_What to do_:
A single figure is the whole answer: the number of lines in the entries that contain "Tuscany".

_Records from a dataset_:
■ ■ ■

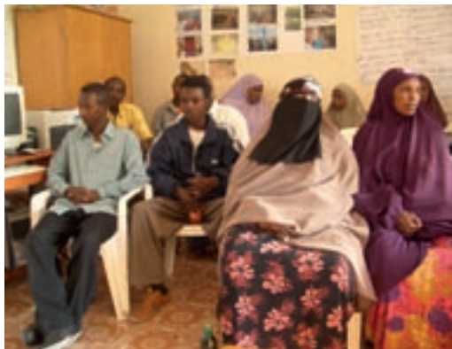
Neighborhood committee organized by NAGAAD

this conference was designed to decide upon who should become the president and the Members of Parliament. Finally, fifteen women were allowed to listen—and had to hear that no seats and votes in the parliament or in the government could go to women, simply because those positions would be filled on the basis of clan representation. But which clan does a woman represent: that of her origin, or that of her husband?
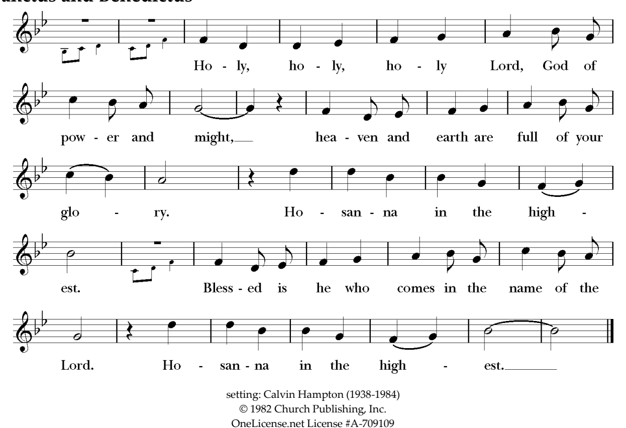
The Celebrant continues

Blessed are you, for the birth of creation. Blessed are you, in the darkness and in the light. Blessed are you, for the prophets' hopes and dreams. Blessed are you, for signs and wonders we see of your work in the world. Blessed are you for your Son Jesus, the Word made flesh.
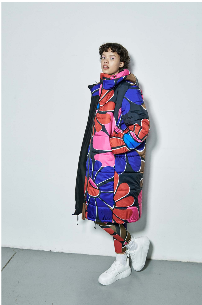
ILUS puffer coat JASNA jersey leggings
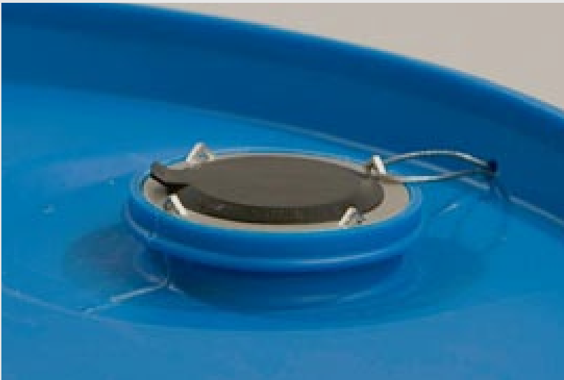
2.5x5 plastic drum with Tamper Evident Wire and Tamper Evident Cap.
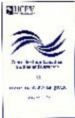
[Centre for Indo-Canadian Studies: new horizons gala program] (2022_01_01_01_002)
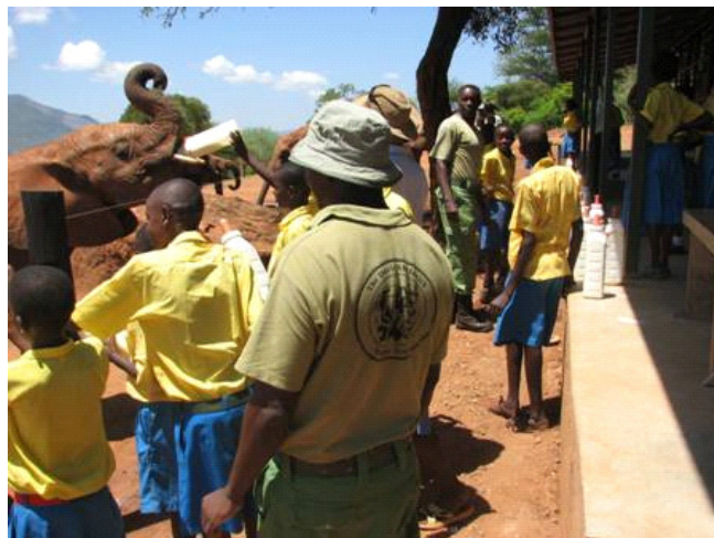
Kajire students meet the elephant orphans at Voi
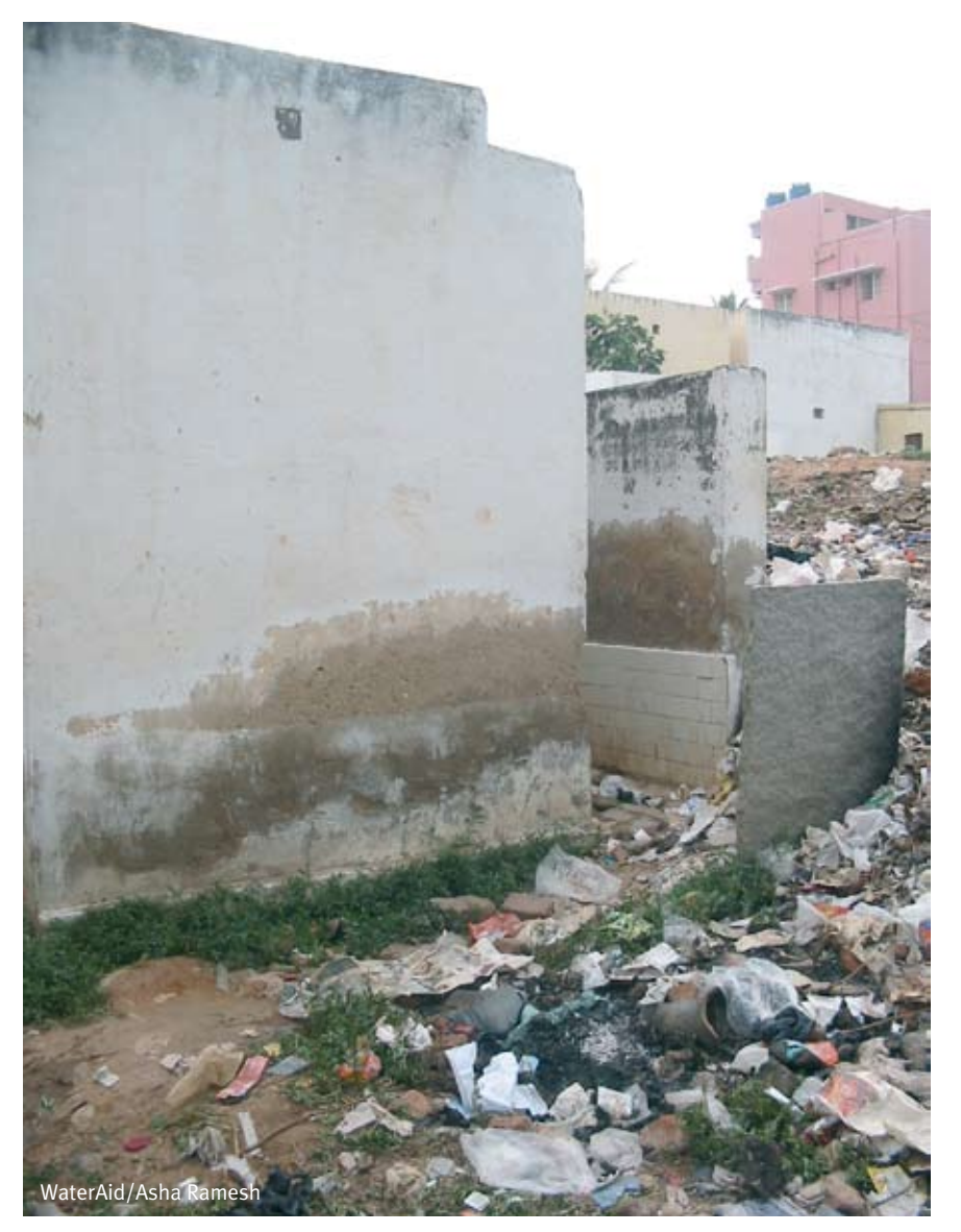
Photo: An open defecation community toilet, Nellore Puram, Karnataka.

20The Vision Document is the official submission by the state government of where it sees the state by 2020 in terms of development; it provides the basis of forward planning in the state.
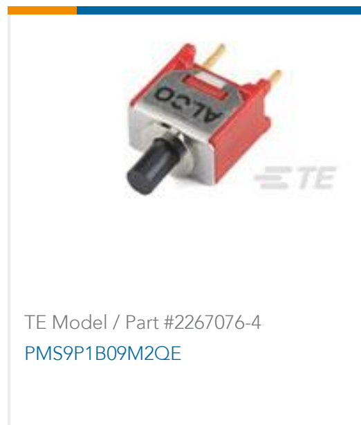
TE Model / Part #2267076-4 PMS9P1B09M2QE
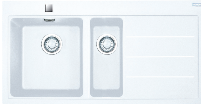
*Image has Strainer Tray pictured in small bowl
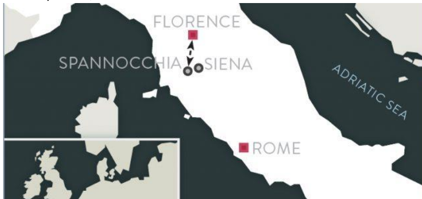
Tuscany Tours, Tickets & Activities

“like having English talking pals in Florence”. After lunch we visit the enchanting hilltop town of San Gimignano where you have free time to roam the picturesque streets and squares, browse the local retailers, attempt an award-profitable gelato and walk among the many town's well-known medieval towers. Discover Tuscany's rolling hills and delicious wines.
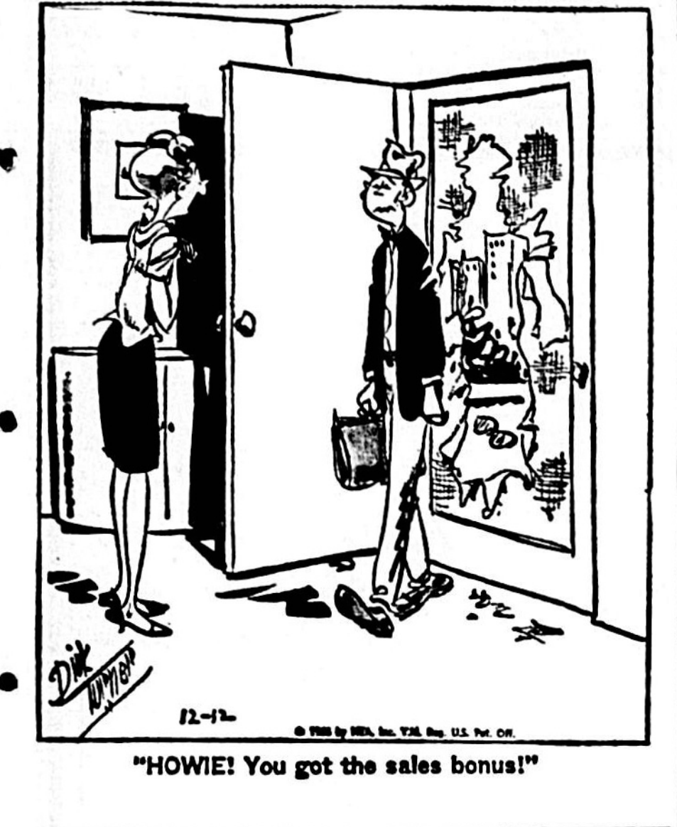
"HOWIE! You got the sales bonus!"
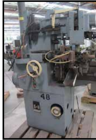
Sleeper & Hartley Torsion Spring Winder

■ ■ ■

_Solved exercise_:
2